映画や海外ドラマのレビューを中心としたブログ

『エージェント:ライアン』

2017-08-17 | 映画レビュー(え)

アレック・ボールドウィン(昔は痩せてた)の『レッド・オクトーバーを追え!』に始まり、ハリソン・フォードの2作で人気を確立した“ジャック・ライアンシリーズ”の再々始動作。
ベン・アフレックの『トータル・フィアーズ』もそんなに悪い出来ではなかったが、いかんせんその後のベニファー騒動が足を引っ張ってシリーズ化には至らなかった(今ならアフレック監督・主演で最高傑作が作れそうだけど)。
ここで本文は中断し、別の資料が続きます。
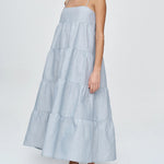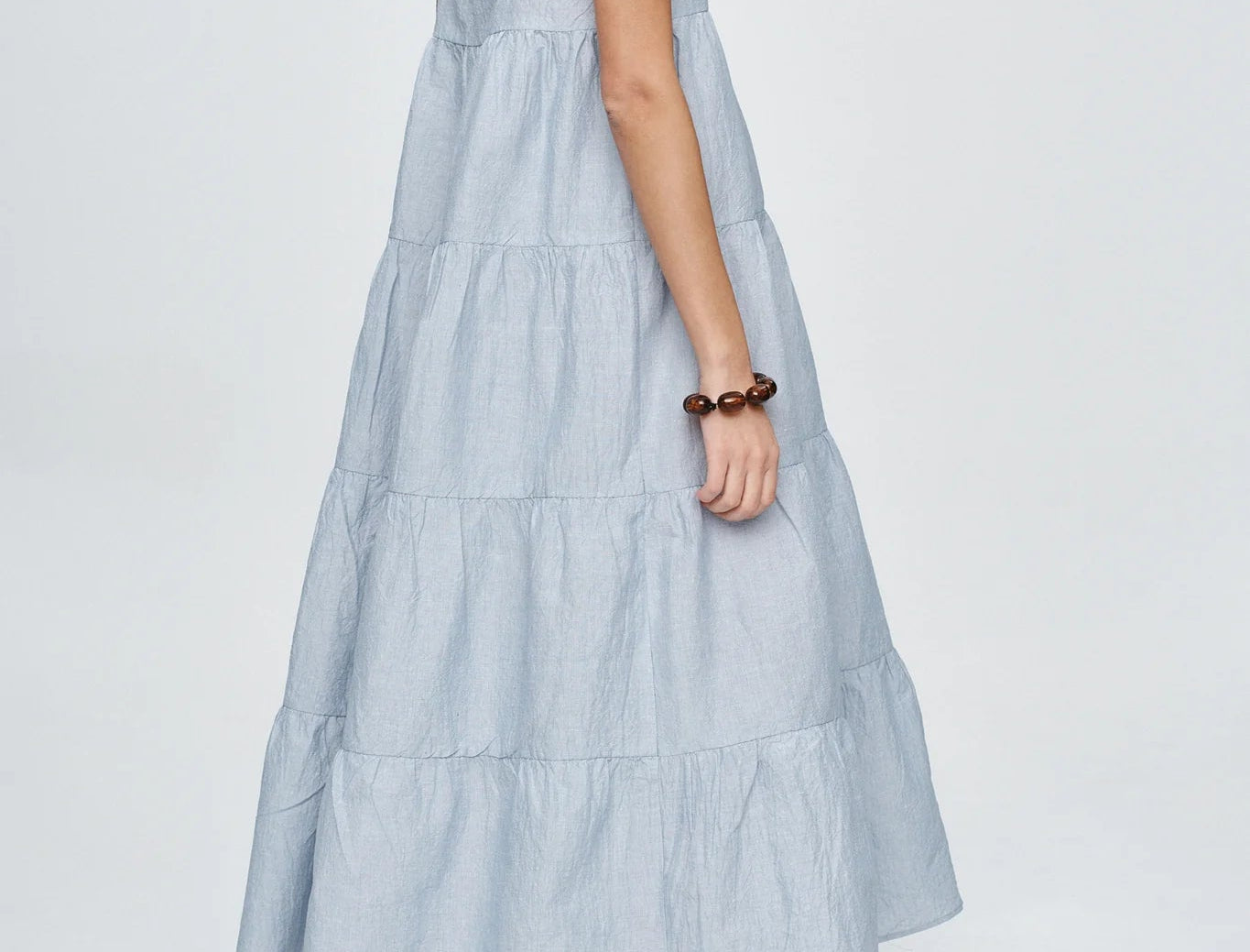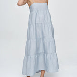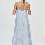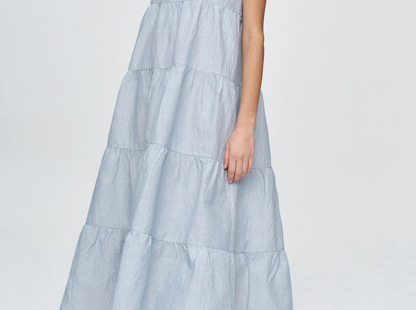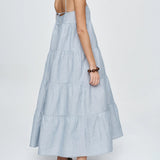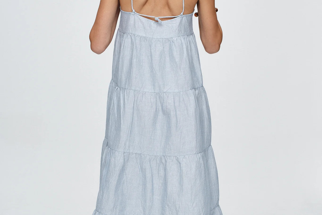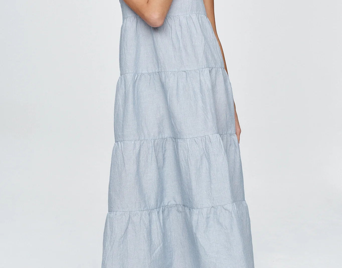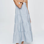 Introducing Marle’s Ophelia Dress in Bleu Stripe, a relaxed thin-strap maxi dress in a baby blue stripe hue. Designed with a square neckline, thin adjustable straps, and softly tiered panels, the Ophelia blue maxi dress drapes effortlessly over the body for a relaxed yet elevated silhouette. Lightweight and breathable, it’s the perfect summer dress for warm days and relaxed occasions alike.

今回はトム・クランシー原作による“ジャック・ライアン”というキャラクターを翻案した映画オリジナル作品。ライアン役には『スター・トレック』の体育会系なカーク船長役で人気を博したクリス・パインを迎え、一介のアナリストからスパイ工作員へと転ずるライアンを描く…って、それもうジャック・ライアンじゃないじゃん!!彼はあくまで事務方・学者であり、スーパーヒーロー然としていないのが魅力だった。インテリジェンスよりもフィジカルが勝るパインでスパイアクションものの新鉱脈を狙ったのがありありと分かる。この題材に対する製作陣の愛のなさは早々に見破られ、本作はほとんどヒットせずに市場から姿を消した。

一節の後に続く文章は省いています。